The copy must hold every line from the one with "Naklejka premium Gentle" through the end of the listing, word for word, and must hold no pictures.

Given material:

+-------+

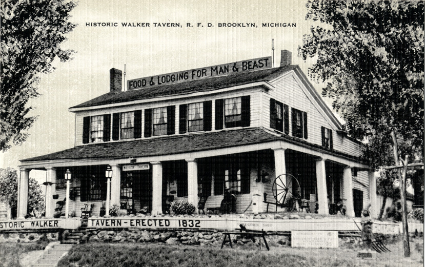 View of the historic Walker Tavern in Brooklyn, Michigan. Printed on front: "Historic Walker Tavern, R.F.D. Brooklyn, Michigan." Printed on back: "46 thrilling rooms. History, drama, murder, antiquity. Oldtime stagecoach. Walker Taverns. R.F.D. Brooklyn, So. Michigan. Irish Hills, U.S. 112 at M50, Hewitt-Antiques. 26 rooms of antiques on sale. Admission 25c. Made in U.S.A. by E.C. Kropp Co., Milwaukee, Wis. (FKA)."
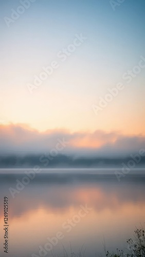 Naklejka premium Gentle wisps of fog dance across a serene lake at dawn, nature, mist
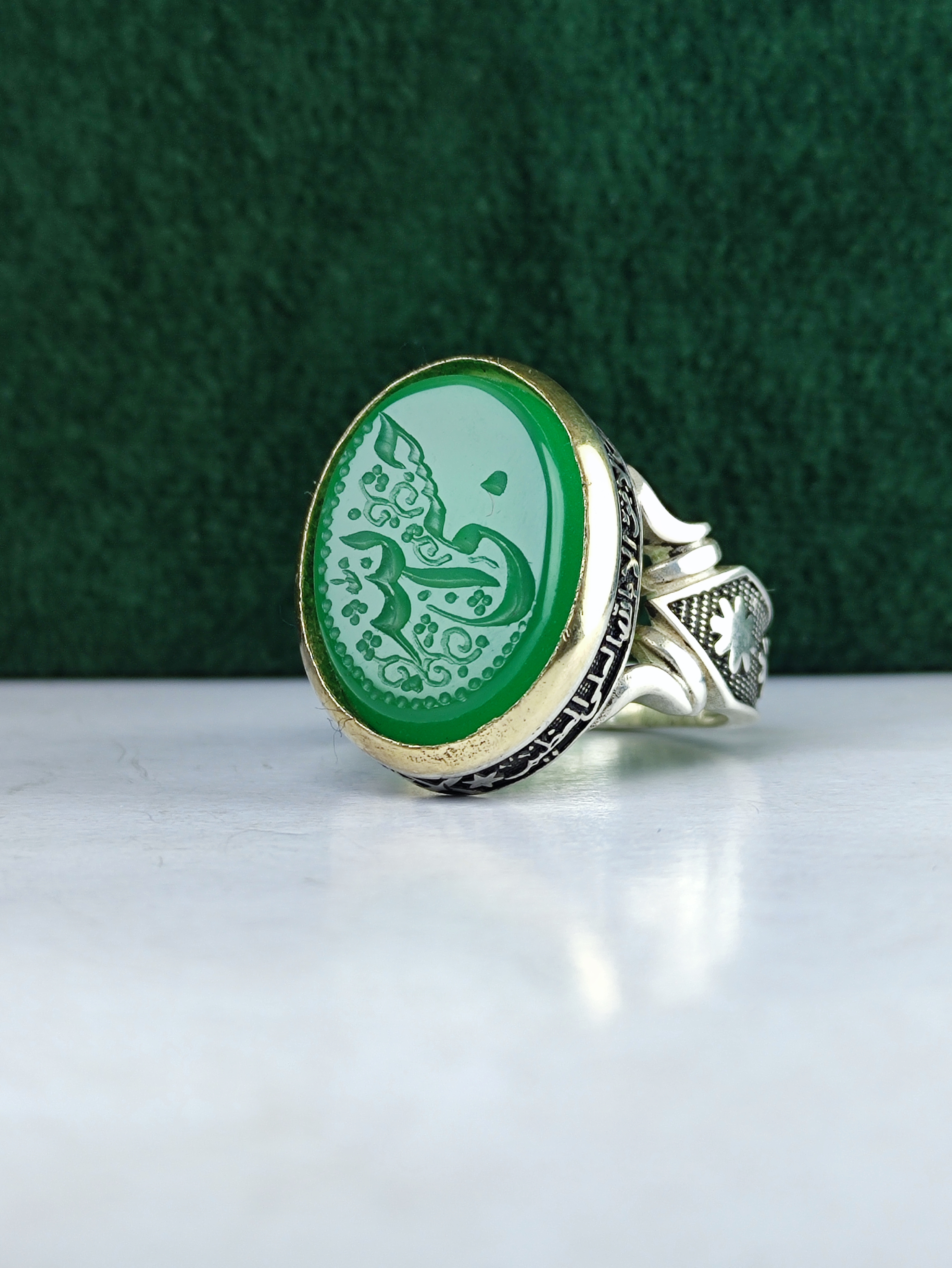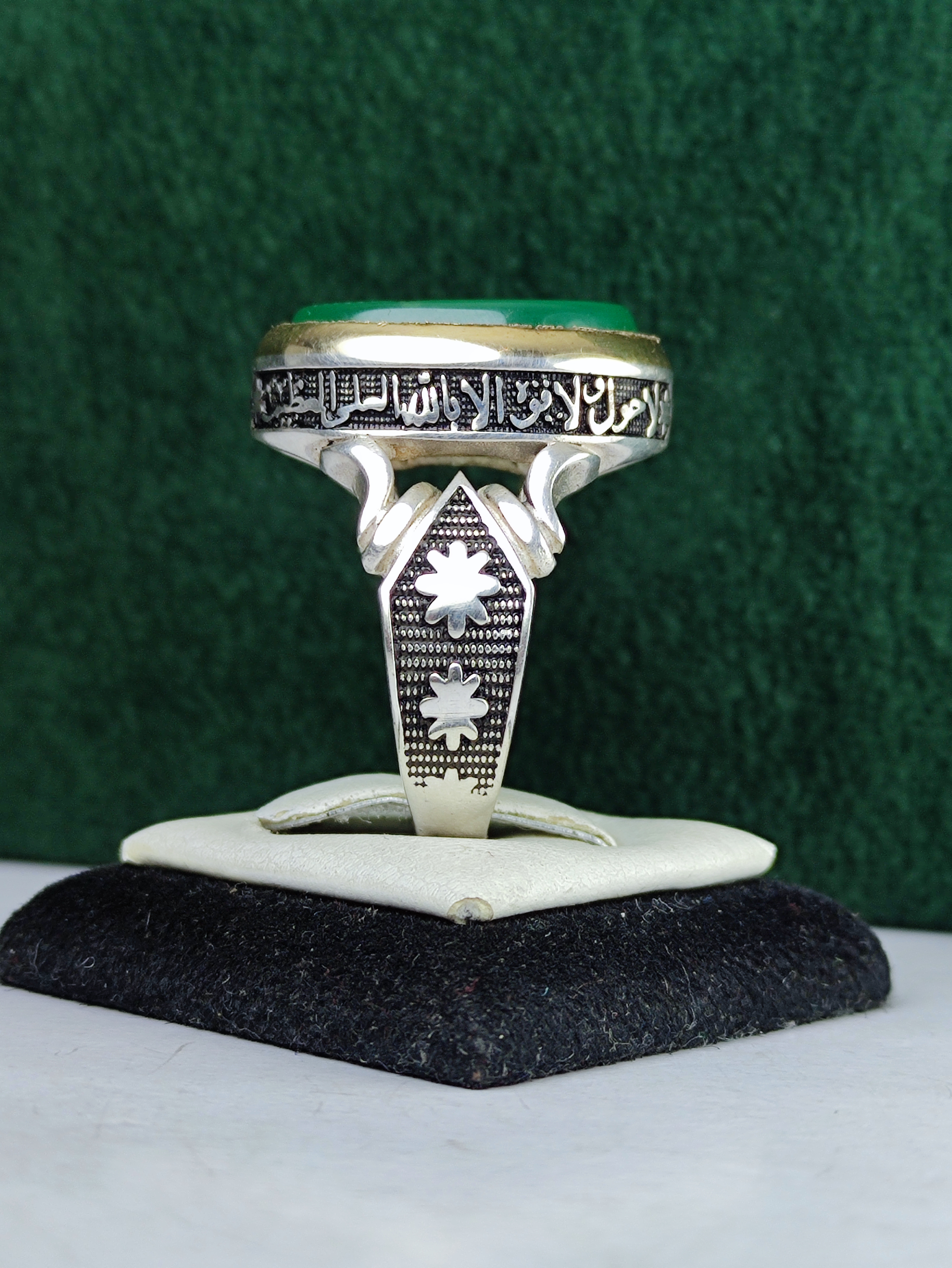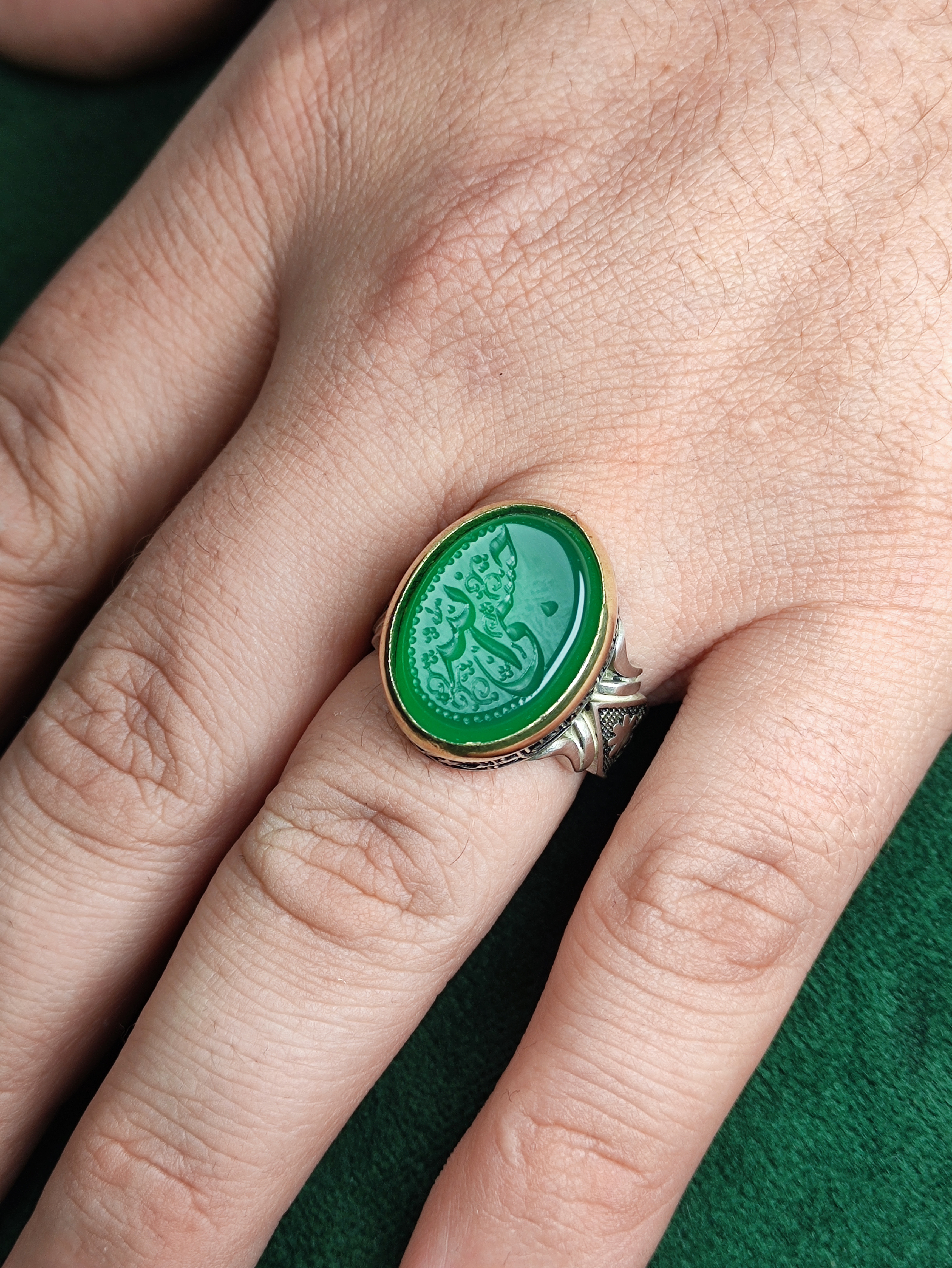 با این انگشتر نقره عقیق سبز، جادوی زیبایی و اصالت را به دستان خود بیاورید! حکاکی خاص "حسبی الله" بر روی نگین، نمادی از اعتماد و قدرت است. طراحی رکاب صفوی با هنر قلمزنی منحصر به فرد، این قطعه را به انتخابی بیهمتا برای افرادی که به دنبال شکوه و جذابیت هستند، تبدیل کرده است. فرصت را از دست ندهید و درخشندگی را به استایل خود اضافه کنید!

+-------+

Response area:
 Naklejka premium Gentle wisps of fog dance across a serene lake at dawn, nature, mist
 با این انگشتر نقره عقیق سبز، جادوی زیبایی و اصالت را به دستان خود بیاورید! حکاکی خاص "حسبی الله" بر روی نگین، نمادی از اعتماد و قدرت است. طراحی رکاب صفوی با هنر قلمزنی منحصر به فرد، این قطعه را به انتخابی بیهمتا برای افرادی که به دنبال شکوه و جذابیت هستند، تبدیل کرده است. فرصت را از دست ندهید و درخشندگی را به استایل خود اضافه کنید!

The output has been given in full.